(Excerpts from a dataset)
>>>>
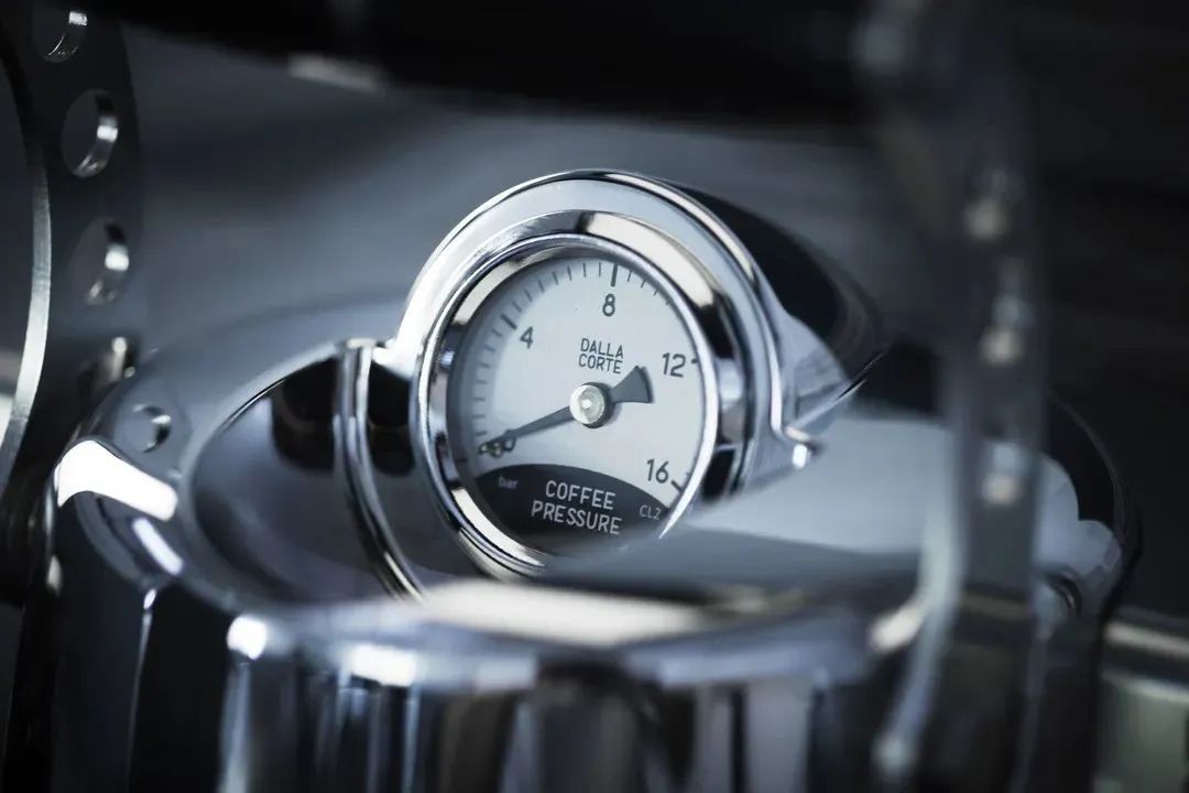 同时冲泡及预浸泡的压力状态在冲煮头上部的压力表上可直观显示。因为Mina预设了探针装置在煮头内部,实时显示了滤杯把手内的实际压力。通过DFR技术完美实现萃取前的预浸泡!
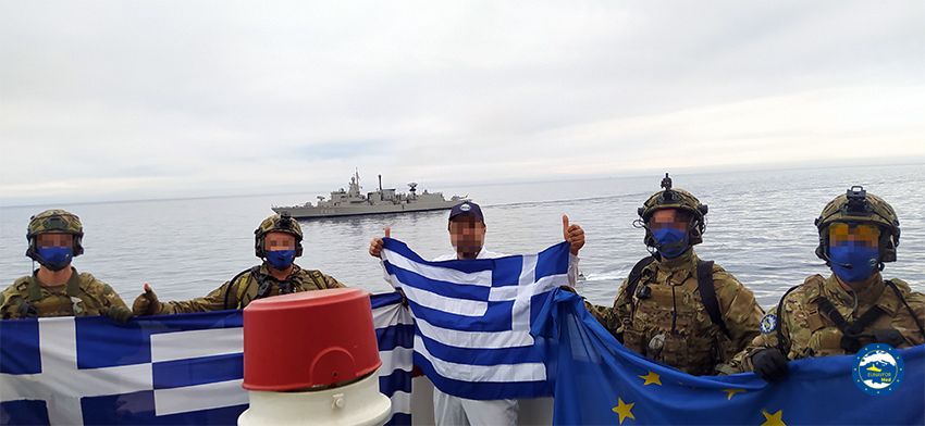 Η φρεγάτα ΑΙΓΑΙΟΝ του Πολεμικού Ναυτικού έχει εκτελέσει την πρώτη της νηοψία πλοίου στη Μεσόγειο Θάλασσα στα πλαίσια της Επιχείρησης Irini.
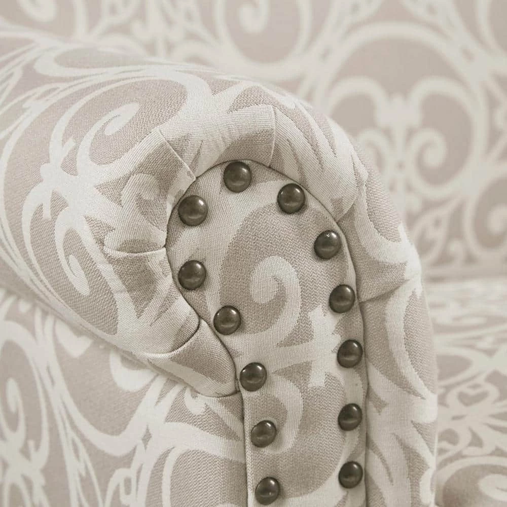 Add an eye-catching touch to your living room with the Madison Park Miri Tight Back Club Chair. This accent chair features an all-over fretwork pattern on the upholstery that creates a stunning transitional look. The double row nailhead trim on the front of the arms and the sides of the back add an elegant accent to the design. With a comfortable loose cushion and sturdy solid wood legs, this club chair brings a chic style to your home decor.
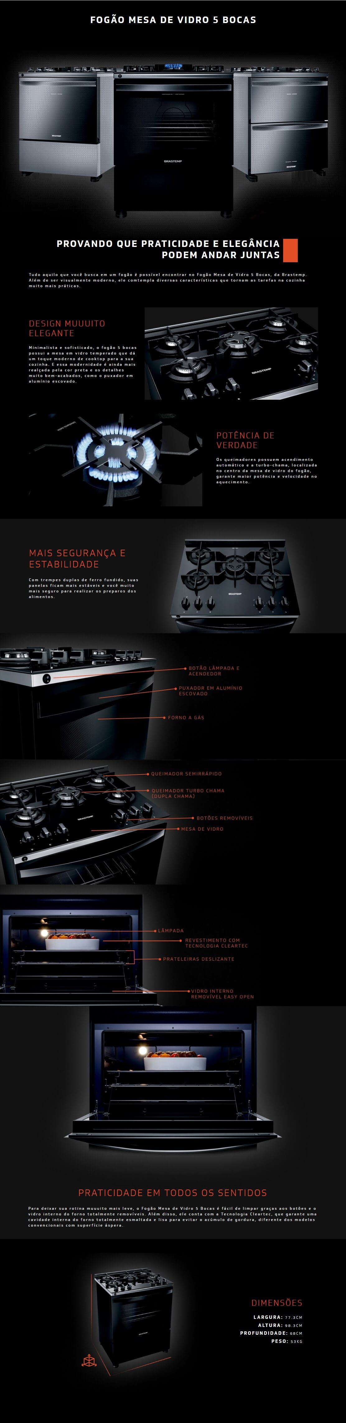 FOGÃO BRASTEMP 5 BOCAS COM MESA DE VIDRO - TURBO CHAMA
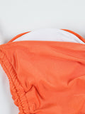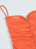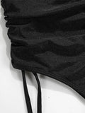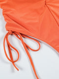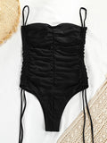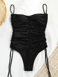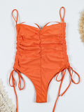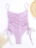 New drawstring one-piece swimsuit solid color pleated sexy suspender bikini
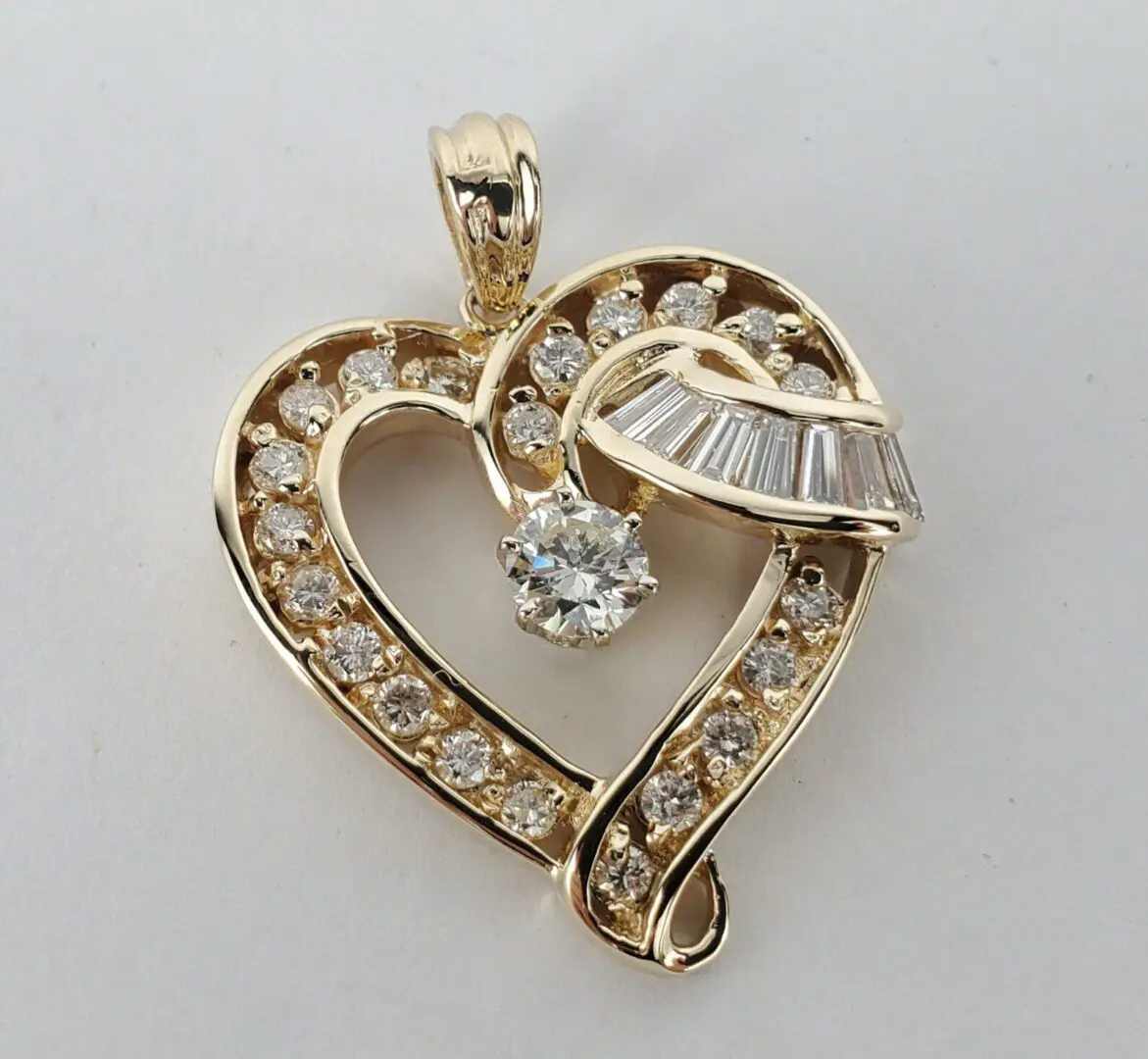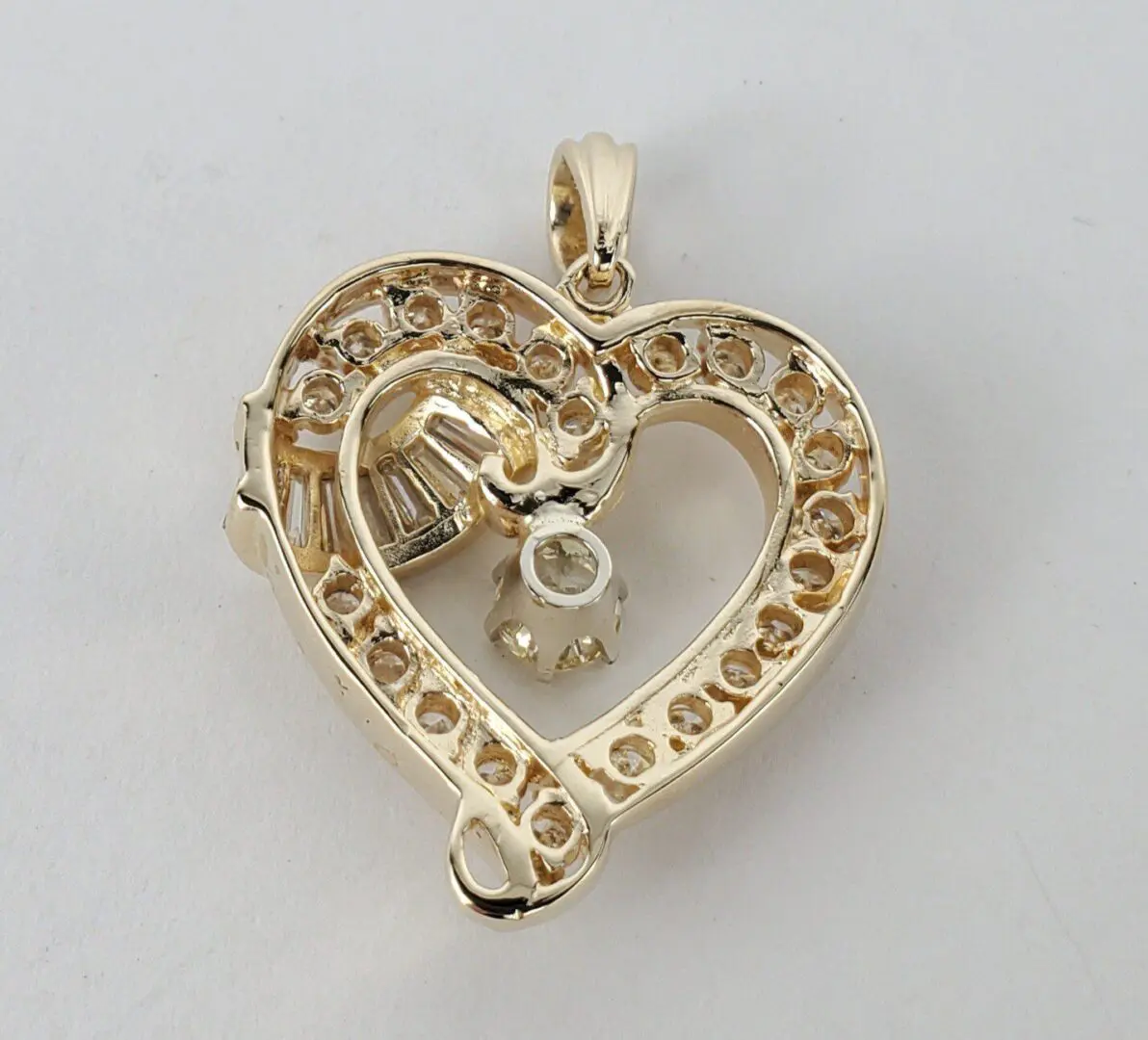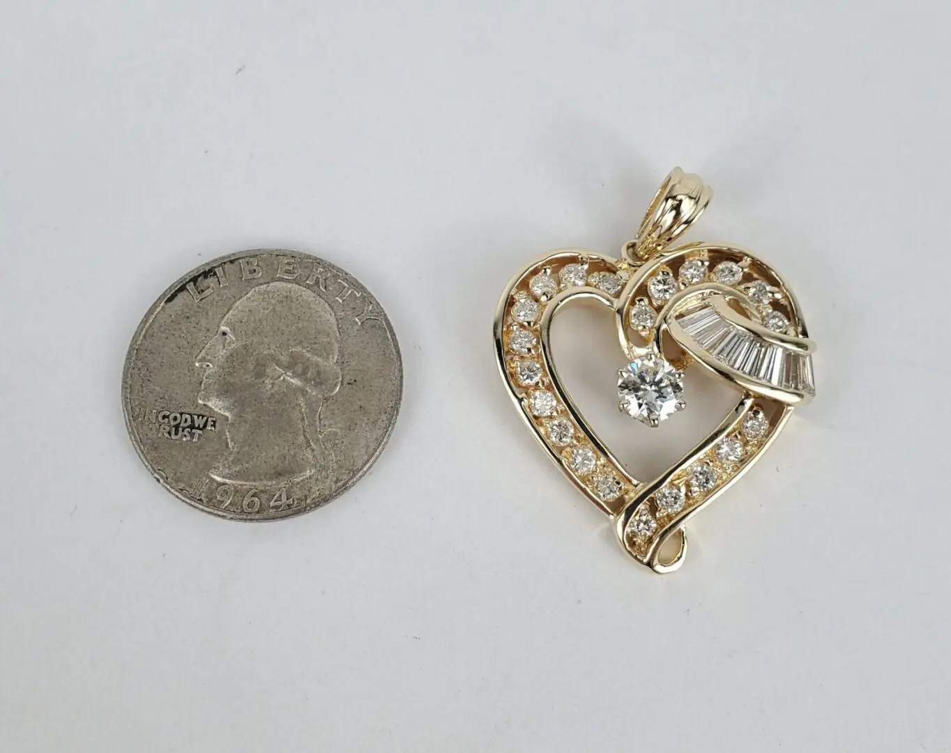 14k Yellow Gold 1.95ctw Round Baguette Diamond Large Heart Drop Pendant 1 3/8
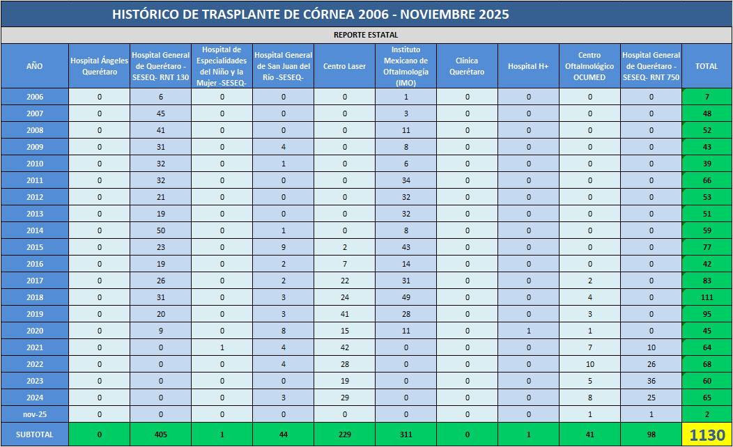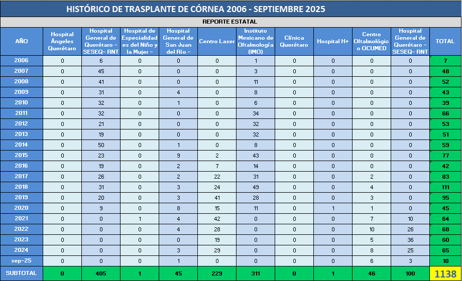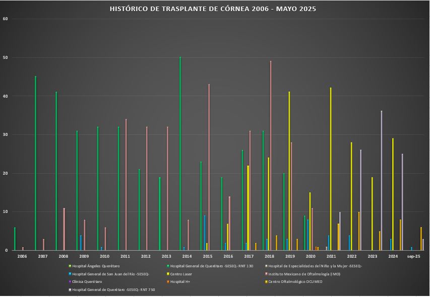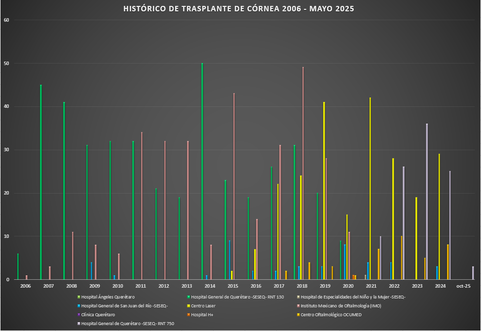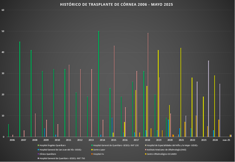 Presentamos el reporte histórico de los trasplantes de tejido corneal realizados en las Unidades Hospitalarias que cuentan con programa de donación, procuración y trasplante de órganos y tejidos, en el Estado de Querétaro.
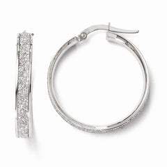 Metal: 14k White GoldLength:29 mmWidth:14 mmThickness:3.75 mmGlitter infusedFree U.S. Shipping for orders over $99 Protected by our 30-Day Risk Free Returns!
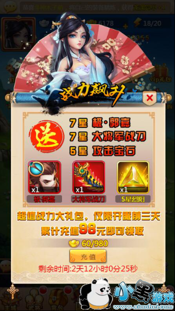 至尊礼包:开服前三天可购买,7星极武将、7星装备、5星攻击宝石,仅需98元,还可以提升VIP等级,还能领取许多额外的奖励,小编推荐五颗星。
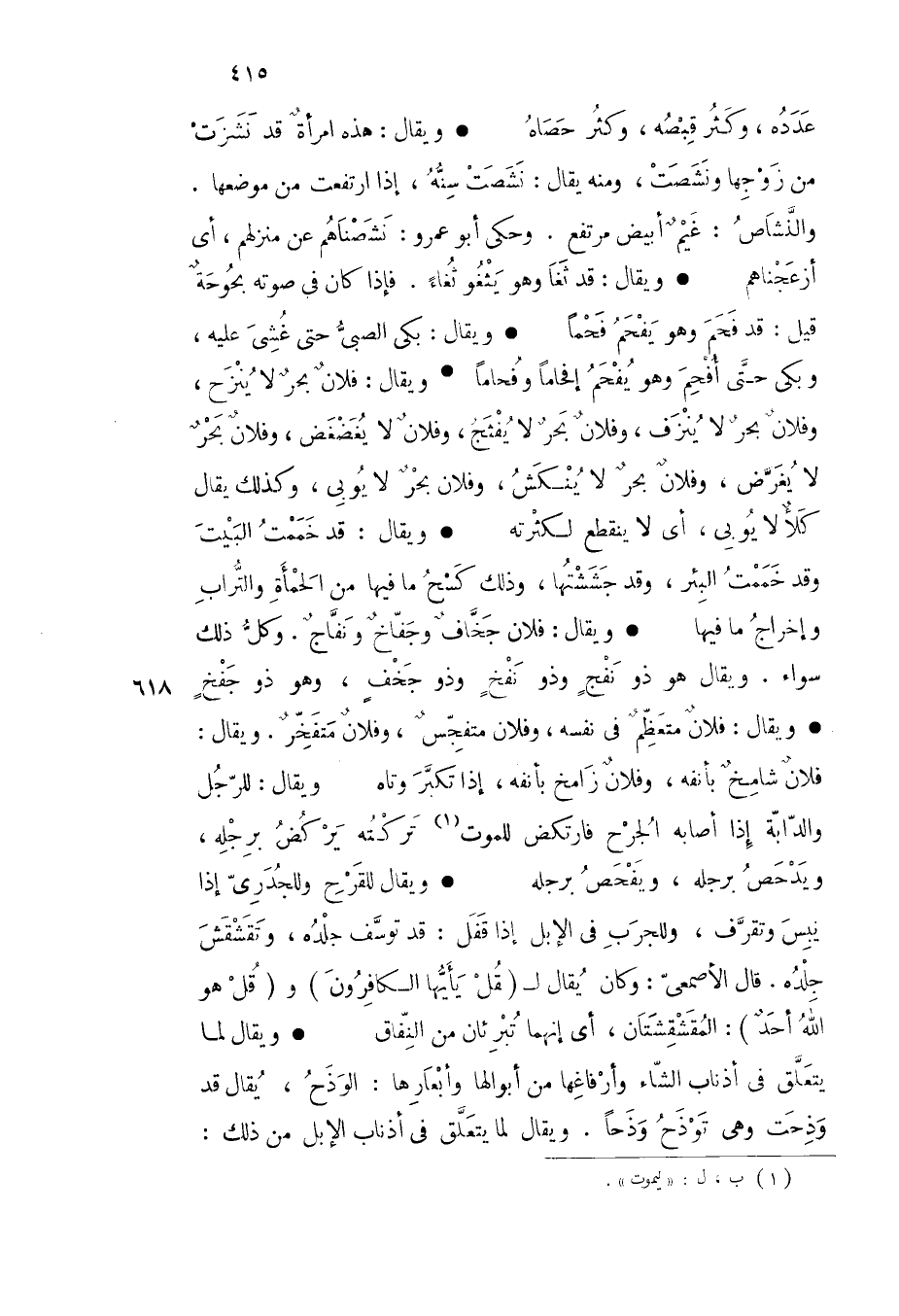 ويقال فلان بحر لا ينزح وفلان بحر لا ينزف وفلان بحر لا يفثج وفلان لا يغضغض وفلان بحر لا يغرض وفلان بحر لا ينكش وفلان بحر لا يوبي وكذلك يقال كلأ لا يوبي أي لا ينقطع لكثرته
<<<<
Give back word for word the lines from the one containing "至尊礼包:开服前三天可购买,7星极武将、" through the final line of the data above. Pictures are to be left out.

 至尊礼包:开服前三天可购买,7星极武将、7星装备、5星攻击宝石,仅需98元,还可以提升VIP等级,还能领取许多额外的奖励,小编推荐五颗星。
 ويقال فلان بحر لا ينزح وفلان بحر لا ينزف وفلان بحر لا يفثج وفلان لا يغضغض وفلان بحر لا يغرض وفلان بحر لا ينكش وفلان بحر لا يوبي وكذلك يقال كلأ لا يوبي أي لا ينقطع لكثرته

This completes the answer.